Skip to content

Whistleblowers and confidentiality breaches: is freedom of expression a defence?

Yes, in some cases, the European Court of Human Rights has ruled. In Halet v Luxembourg, the Court overturned an employee whistleblower’s criminal conviction for confidentiality leaks to the press, concluding that the conviction breached his right to freedom of expression under Article 10 of the Convention. For employers who are busy adapting to EU whistleblowing rules, it is a timely reminder of the human rights dimension of whistleblowing claims and the need for processes to manage the risks. 

Article 10 and its relevance to whistleblowing

Whistleblowers who divulge their employer’s confidential information when raising concerns may argue that they are exercising their Article 10 right to freedom of expression. However, this right to speak freely can be overridden – for example, by legal restrictions protecting an employer’s confidential information. National courts, which must take Article 10 into account when deciding cases, will need to conduct a so-called “balancing test” to determine whose interest prevails.

Whistleblower conviction breached Article 10

Halet leaked confidential documents to the press concerning highly favourable tax arrangements that his employer, PwC, had agreed with the Luxembourg tax authorities for its multinational clients. The documents were among those later published in what became known as the “Luxleaks” affair, which led to a “difficult year” for PwC. Halet was dismissed and convicted in Luxembourg criminal proceedings for breaching commercial and professional secrecy rules. 

After unsuccessfully appealing against his conviction, Halet went to Strasbourg, where the Court has since ruled (overturning a decision of its Lower Chamber) that Article 10 protected him as a whistleblower when he reported tax matters that were of public interest, and that his criminal conviction was a disproportionate interference with his Article 10 right.
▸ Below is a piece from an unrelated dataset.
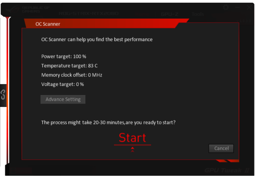 Для полноценного разгона мы рекомендуем запустить Nvidia Scanner (встроенный в данную утилиту), который поможет определить безопасный максимум работы ядра и памяти, то есть самый быстрый режим работы в 3D.

In the Court’s view, his disclosure made an essential contribution to public debate on tax evasion and optimisation practices in Luxembourg at the time; that benefit outweighed the detrimental effects of the disclosure, including Halet’s theft of data and breach of secrecy rules, and the harm to PwC and its clients. 
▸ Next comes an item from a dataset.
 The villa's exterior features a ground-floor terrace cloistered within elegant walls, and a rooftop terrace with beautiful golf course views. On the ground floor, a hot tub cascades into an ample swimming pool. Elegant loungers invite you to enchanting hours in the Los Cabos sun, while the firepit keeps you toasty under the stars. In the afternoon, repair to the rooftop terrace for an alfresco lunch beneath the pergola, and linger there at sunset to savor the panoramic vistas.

Implications for employers

The ruling has been hailed a “big victory” for whistleblowers.  However, employers can be reassured that it is not a green light for workers to say what they want; confidentiality obligations can, and should, still be imposed, provided that they allow workers to blow the whistle as permitted by national law.
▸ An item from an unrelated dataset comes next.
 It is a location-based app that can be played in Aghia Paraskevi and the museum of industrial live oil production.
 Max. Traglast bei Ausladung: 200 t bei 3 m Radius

Whistleblowers who are disciplined or sued for confidentiality breaches could bring claims for detriment or victimisation under whistleblowing laws. They will, however, face a high bar in mounting an Article 10 defence, as some of the criteria that must be met are stricter than those under the EU Whistleblower Directive or the Public Interest Disclosure Act 1998. This includes a duty to act “in good faith” and “carefully verify”, as far as possible, that the information reported is “accurate and reliable” to minimise any harm to the employer; they must still also overcome the balancing test. In short, while Halet won his case in a unique context, a different whistleblower in a different context could face more of a challenge.